This repository contains the code, models, and data for the paper MM-Instruct: Generated Visual Instructions for Large Multimodal Model Alignment.
This paper introduces MM-Instruct, a large-scale dataset of diverse and high-quality visual instruction data designed to enhance the instruction-following capabilities of large multimodal models (LMMs). While existing visual instruction datasets often focus on question-answering, they struggle to generalize to broader application scenarios such as creative writing, summarization, or image analysis. To address these limitations, we propose a novel approach to constructing MM-Instruct that leverages the strong instruction-following capabilities of existing LLMs to generate novel visual instruction data from large-scale but conventional image captioning datasets. MM-Instruct first leverages ChatGPT to automatically generate diverse instructions from a small set of seed instructions through augmenting and summarization. It then matches these instructions with images and uses an open-sourced large language model (LLM) to generate coherent answers to the instruction-image pairs. The LLM is grounded by the detailed text descriptions of images in the whole answer generation process to guarantee the alignment of the instruction data. Moreover, we introduce a benchmark based on the generated instruction data to evaluate the instruction-following capabilities of existing LMMs. We demonstrate the effectiveness of MM-Instruct by training a LLaVA-1.5 model on the generated data, denoted as LLaVA-Instruct, which exhibits significant improvements in instruction-following capabilities compared to LLaVA-1.5 models.
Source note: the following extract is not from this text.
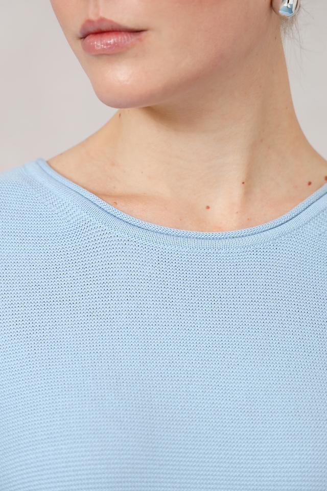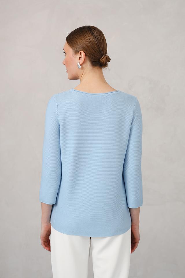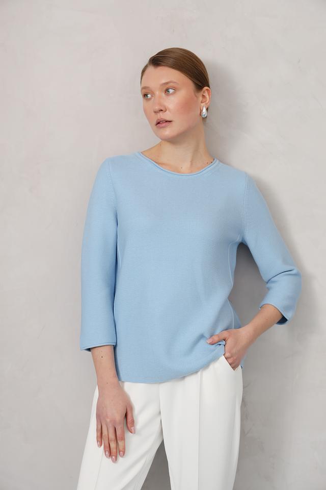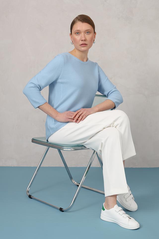 Пуловер имеет классический голубой цвет и лаконичный дизайн. Округлый вырез горловины и рукав три четверти делают его универсальным для создания различных образов. Слегка приталенный силуэт подчеркивает достоинства фигуры, не сковывая движений.
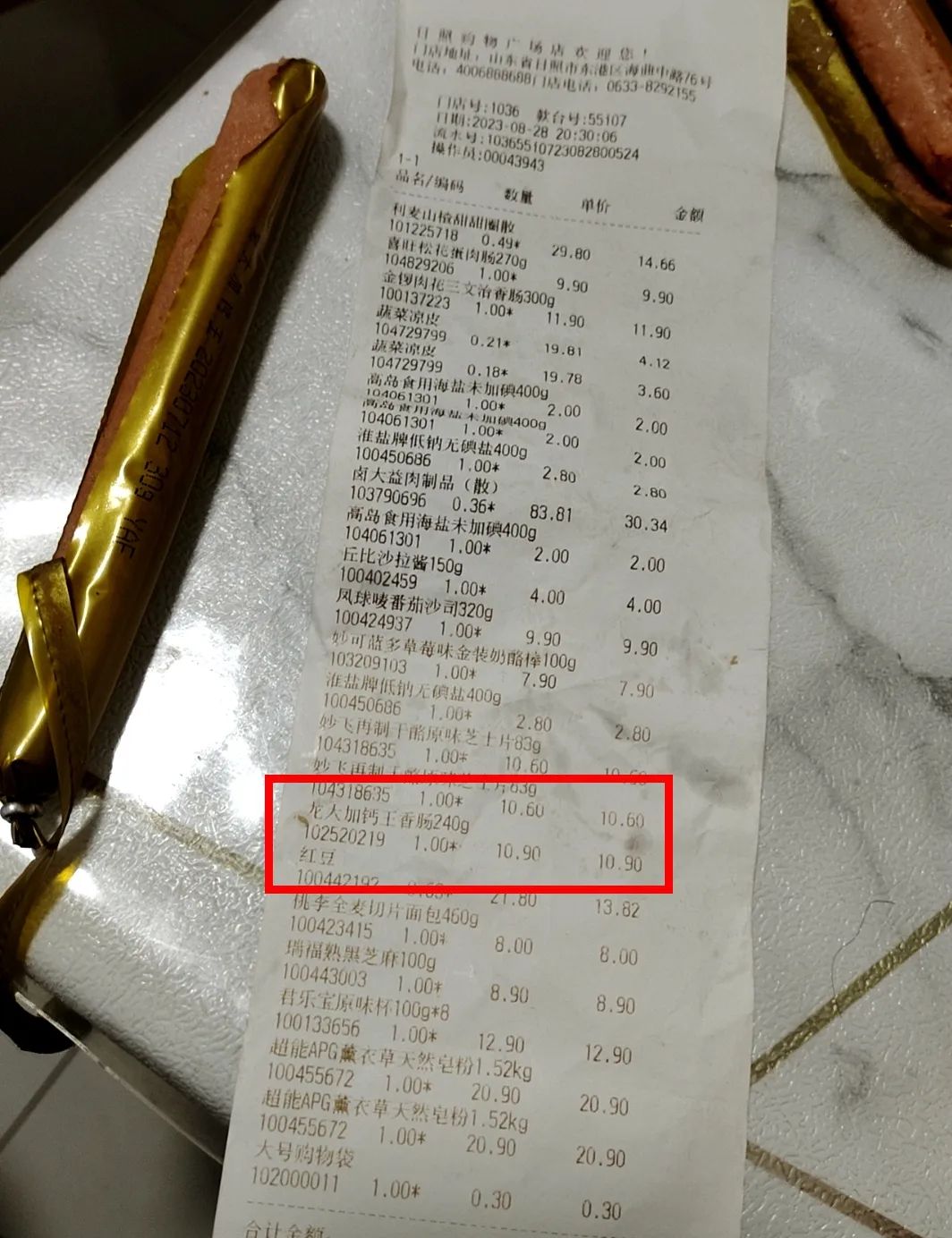 家住老城区的杨先生来信反映,8月28日,他在日照利群买了一些食品,其中有一个本省生产某企业的火腿肠,昨天下午给孩子吃了一个,打开第二根的时候发现肠衣和肠体之间有拉丝现象。

- Diverse Instructions: MM-Instruct goes beyond simple question-answering, covering a wide range of instructions including creative writing, summarization, and image analysis.
- High-Quality: Instructions and answers are carefully generated and filtered for coherence and alignment with image content.
- Automated Pipeline: We provide an automated pipeline for data generation.
- Benchmark for Evaluation: A held-out subset of MM-Instruct serves as a benchmark for evaluating the instruction-following capabilities of LMMs.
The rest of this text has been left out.